The reaction to anticonvulsant medications, termed anticonvulsant hypersensitivity syndrome (AHS), has been linked to the presence of arene oxides. Arene oxides are intermediate metabolites produced by the metabolisation of the drugs by cytochrome P-450 and usually detoxified by epoxide hydroxylase; however, there is evidence that individuals who develop AHS are unable to detoxify arene oxides.26,27

ADRs have been classified as Type A: those that are predictable and dose dependent reactions, including overdose, side effects, and drug interactions (e.g. a gastrointestinal bleed following treatment with non-steroidal anti-inflammatory drugs [NSAIDs]); and Type B, those that are unpredictable, more likely to be dose independent, and may include immunologically mediated drug hypersensitivity or non-immune mediated reactions, thus being considered allergic reactions.1,8 A more extensive classification, the Gell and Coombs system, describes the predominant immune mechanisms that lead to the clinical symptoms of hypersensitivity and is presented in Table 2.19 The table also reflects recent modifications based upon the cells recruited and activated in Type IV reactions.

Table 2: The Gell and Coombs classification system for drug hypersensitivity.
RBC: red blood cell; DRESS: drug rash with eosinophilia and systemic symptoms; SJS/TEN: Stevens-
Johnson syndrome/toxic epidermal necrolysis; Ig: immunoglobulin; Rh: rhesus; AGEP: acute generalised exanthematous pustulosis.

Clinical Presentation

Signs and symptoms of allergic reactions usually occur 1–3 weeks after the first exposure or ingestion of the causative medication and can either be local (caused by contact dermatitis), systemic, or cutaneous. The local erythema, rash, and pruritis associated with contact dermatitis (Type IV) will follow the pattern of contact with the offending substance, e.g. an allergic reaction to a silver dressing or elastic wrap (Figure 1). This type of reaction is more easily identified than an ingested drug, and is effectively treated with discontinuation of the causative solution or material and the application of a topical anti-inflammatory cream.

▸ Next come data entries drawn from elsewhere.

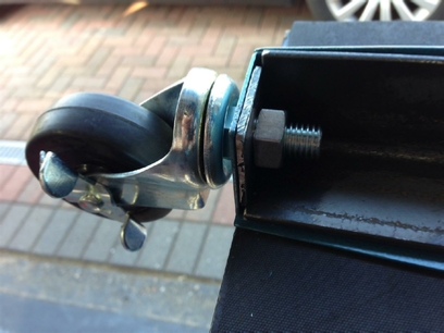 I decided to place some steel right angle inside the legs, and weld some plates to the top and bottom. I could get a bolt fixing at the top, and then use the bolt at the bottom that is used to attach the wheel.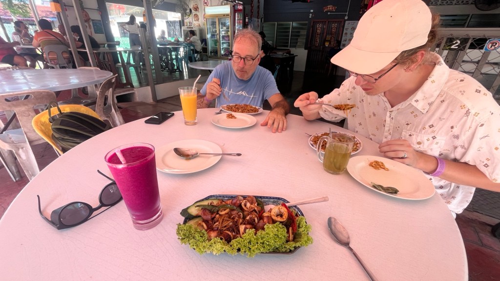 Der Ort vor dem Nationalpark-Eingang bietet immerhin ein Seafood-Restaurant, in dem es eine große Auswahl an weder chinesisch noch indischem Essen gibt. Hinterher kämpfen wir uns durch die Betonwüste zur Hauptstraße vor, denn (warum auch immer) an Ramadan fahren die Linienbusse weiter hinten ab. Der Linksverkehr macht mir immer noch zu schaffen, auch nach einer Woche im Land gucke ich noch ab und zu unachtsam zur falschen Seite, bevor ich die Straße queren will. Ein Glück, dass mir das hier und nicht in George Town passiert.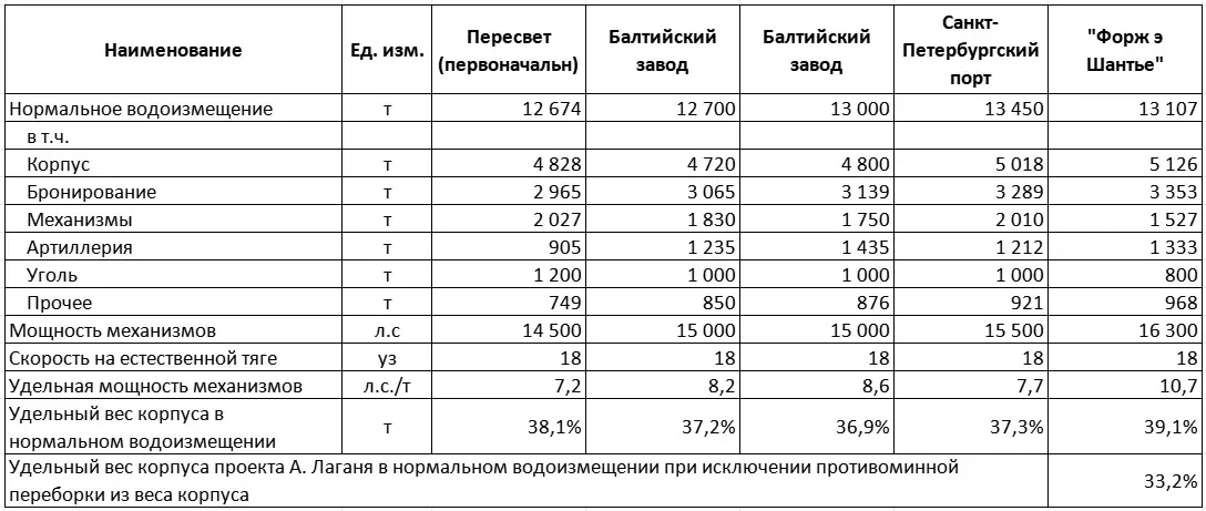 Но вернемся к проектам Балтийского завода и А. Лаганя. То, что французский броненосец оказался на 400 (если быть точным, то на 407) т тяжелее – это лишь половина дела. Потому что еще на 402,4 т французский кораблестроитель выиграл на экономии весов по разным статьям нагрузки, снизив таковые относительно проектного задания.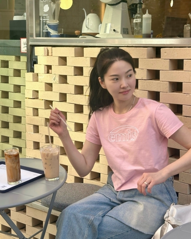 류이서는 전진과 카페에서 데이트 중인 모습이다. 핑크 컬러의 티셔츠에 청바지를 입고 포니테일 헤어스타일을 한 류이서의 산뜻한 미모가 돋보인다.

Figure 1: Contact dermatitis. The distinct line of erythema at the distal leg is indicative of an allergic reaction to the elastic compression used to manage chronic oedema.

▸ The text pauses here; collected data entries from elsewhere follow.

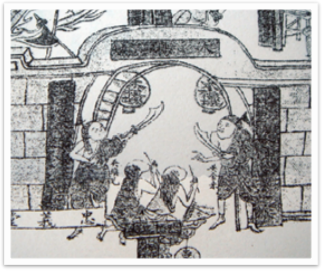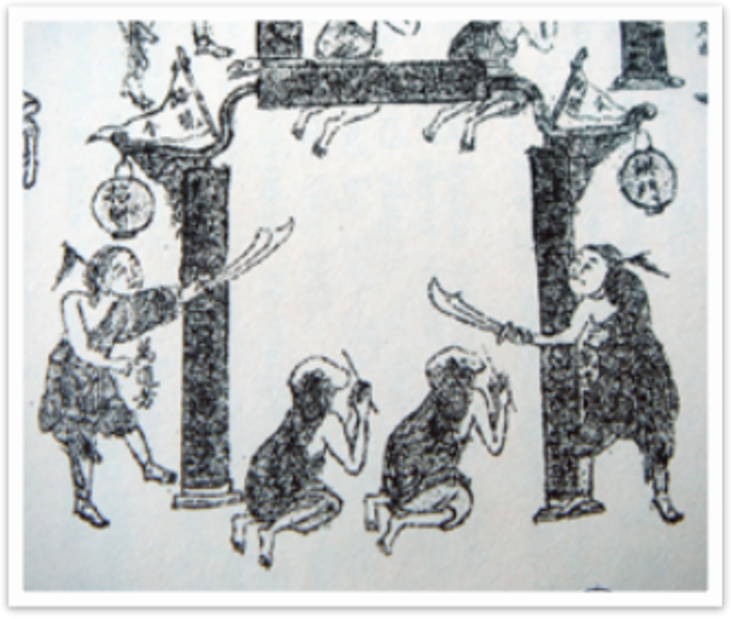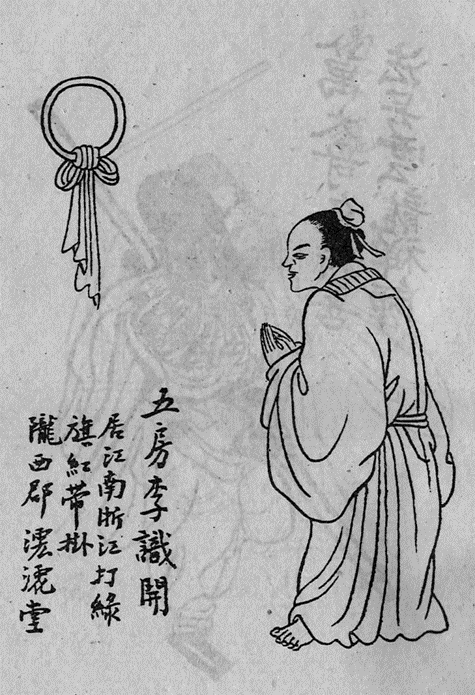 天地会起源传说中最重要人物就是“五祖”,反映在入会仪式中,可以看到仪式会供奉“五祖灵位”。“五祖”即最初创立天地会的五个和尚,他们在起源传说中原本无名,但随着传说的流传和改造,“五祖”都有了对应的姓名,甚至出现了相应的人物形象。如大英博物馆藏“萧一山本”即是证据。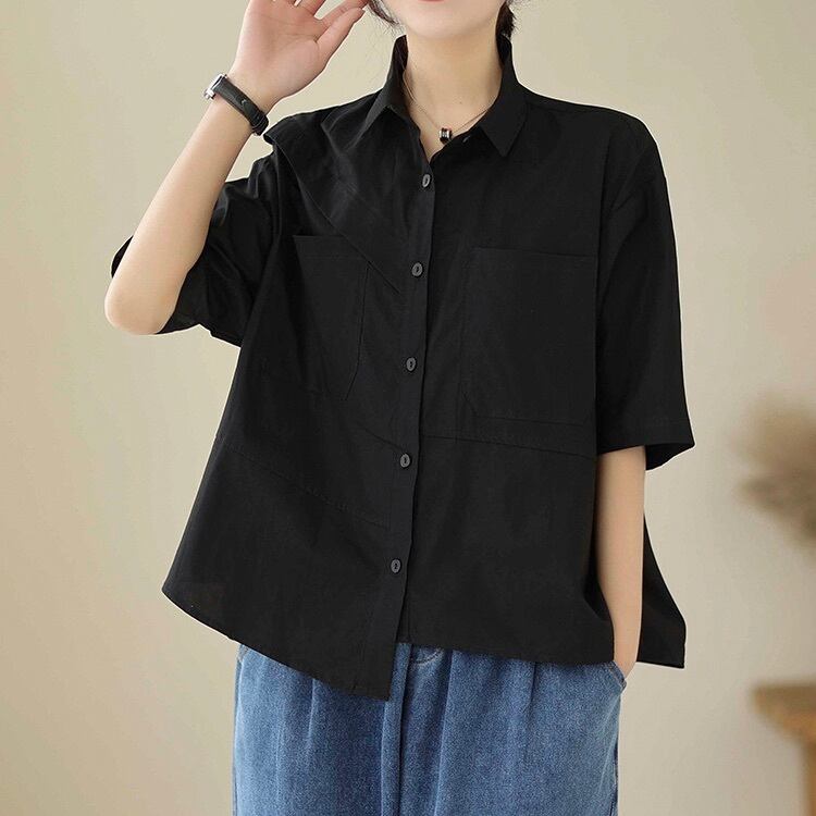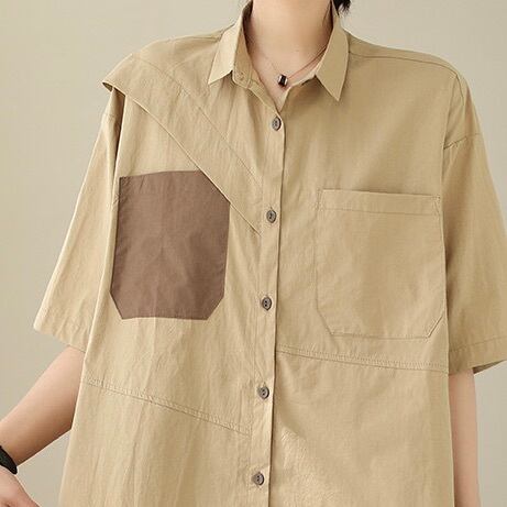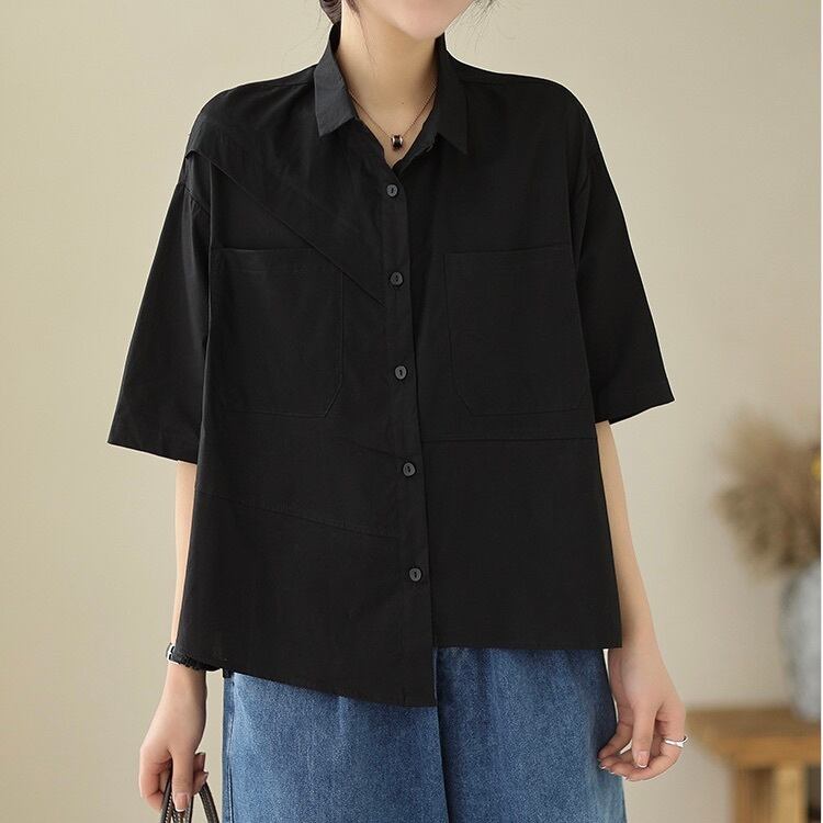 レディース トップス シャツ ブラウス アシンメトリー 半袖 5分袖 Vネック 襟付き 角襟 ストリート 切り替えデザイン 配色 ドッキング かわいい 大人可愛い カジュアル おしゃれ かっこいい ラフ メンズライク マニッシュ ボーイッシュ ルーズ 個性的 クール 存在感 抜け感 ヴィンテージ アクティブ 無地 夏 アウトドア イベント リゾート 休日 韓国 オルチャン 楽ちん 普段使い トレンド 流行 インスタ映え M L XL 2XL 白 ホワイト ブラック 紫 オフホワイト ベージュ バイカラー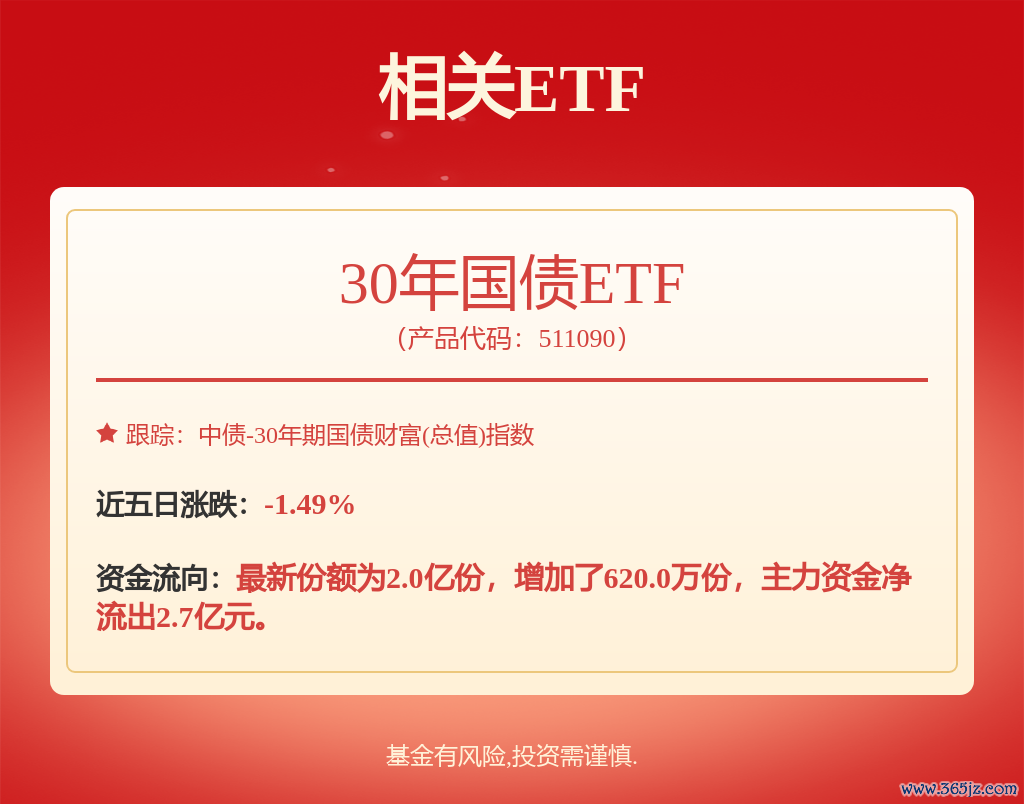 鹏扬30年国债ETF(511090)是当今商场上首只追踪中债30年期国债指数的ETF,具备T+0来往属性,既可使得投资者日内低买高卖博取收益,也可匡助投资者快速拉长组合久期或用作对冲权利仓位。该家具不错四肢客户的高弹性现款惩办器用和组合久期周折器用,短期在商场利率波动放大时,具备较强的来往属性,长期在低利率的配景下,具备较强的成就属性,值得投资者积极情切。

Typically, the erythematous, maculopapular rash that appears within 1–3 weeks after drug exposure will occur first on the trunk and then spread to the extremities. Urticaria is typically a manifestation of a Type I allergic reaction; however, it may also appear with Type III or pseudo-allergic reactions.19

Systemic symptoms vary from mild to severe, and can involve the liver, kidneys, lungs, bone marrow, and other autoimmune phenomena.20,22 The most common syndromes involving both systemic and cutaneous events are listed in Table 3. Warning signs of a severe life-threatening reaction due to cardiovascular collapse include urticaria, laryngeal or upper airway oedema, wheezing, and hypotension.19 Fever, mucous membrane lesions, lymphadenopathy, joint tenderness and swelling, and abnormal respiratory examination are also signs of serious systemic reactions.

Table 3: Drug hypersensitivity reactions based on severity of symptoms.
MPE: maculopapular exanthemas; SJS: Stevens-Johnson syndrome; EM: erythema multiforme; FDE: fixed drug eruption; DRESS: drug rash with eosinophilia and systemic symptoms; TEN: toxic epidermal necrolysis; SDRIFE: symmetrical drug related intertriginous and flexural exanthema; GI: gastrointestinal.

Cutaneous reactions can also vary from mild itching to severe syndromes such as SJS, TEN, DRESS, or acute generalised exanthematous pustulosis (AGEP). Serious cutaneous adverse reactions are associated with a high rate of morbidity and mortality (Table 4).1

Table 4: Severe cutaneous adverse reactions.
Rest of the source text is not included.